■ INSTRUCTIONS TO FOLLOW ■
From the data underneath, reproduce exactly the stretch that begins at the line with "GENUINE 5.85 CTW RUBY AND 0.03 CTW DIAMOND PLATINUM PLA **|**|**" and ends after the line with "4-arm rotating sprinkler".

■ DATA LISTING ■
________________________________________

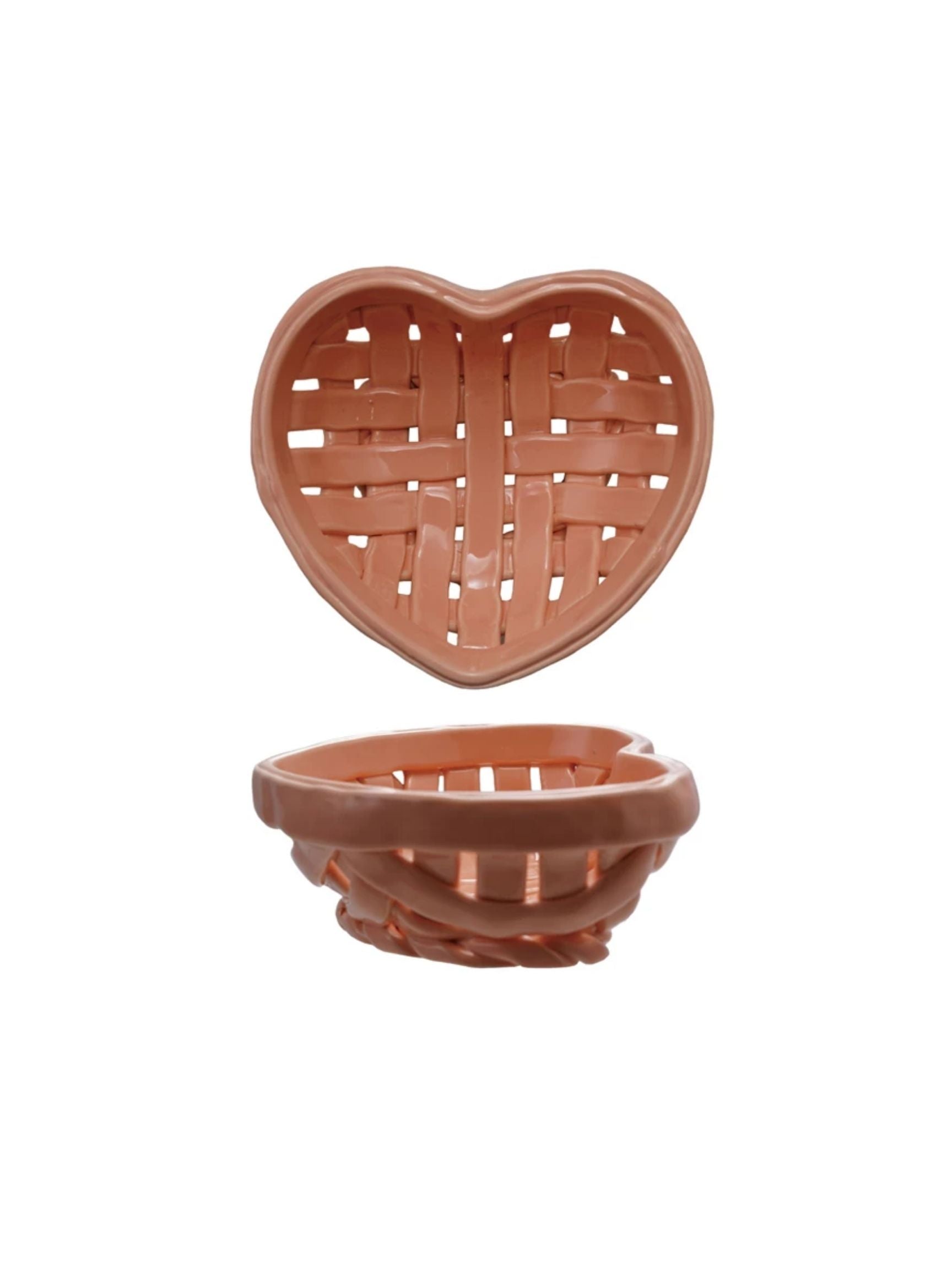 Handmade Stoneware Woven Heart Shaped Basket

________________________________________

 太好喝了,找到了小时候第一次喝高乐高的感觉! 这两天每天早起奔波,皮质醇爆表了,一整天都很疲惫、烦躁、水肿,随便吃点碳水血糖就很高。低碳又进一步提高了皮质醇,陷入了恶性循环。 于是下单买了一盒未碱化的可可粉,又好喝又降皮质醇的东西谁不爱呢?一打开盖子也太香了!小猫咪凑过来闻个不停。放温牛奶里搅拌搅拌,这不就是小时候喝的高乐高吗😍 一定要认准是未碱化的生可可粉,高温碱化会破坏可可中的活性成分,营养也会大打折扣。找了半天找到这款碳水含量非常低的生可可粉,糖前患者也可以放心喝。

________________________________________

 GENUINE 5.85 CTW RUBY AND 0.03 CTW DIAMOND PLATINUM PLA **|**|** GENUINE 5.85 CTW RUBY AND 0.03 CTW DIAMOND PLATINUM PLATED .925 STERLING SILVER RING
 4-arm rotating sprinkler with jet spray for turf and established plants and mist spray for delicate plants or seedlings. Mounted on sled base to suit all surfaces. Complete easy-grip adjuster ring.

________________________________________

■ RESPONSE ■
 GENUINE 5.85 CTW RUBY AND 0.03 CTW DIAMOND PLATINUM PLA **|**|** GENUINE 5.85 CTW RUBY AND 0.03 CTW DIAMOND PLATINUM PLATED .925 STERLING SILVER RING
 4-arm rotating sprinkler with jet spray for turf and established plants and mist spray for delicate plants or seedlings. Mounted on sled base to suit all surfaces. Complete easy-grip adjuster ring.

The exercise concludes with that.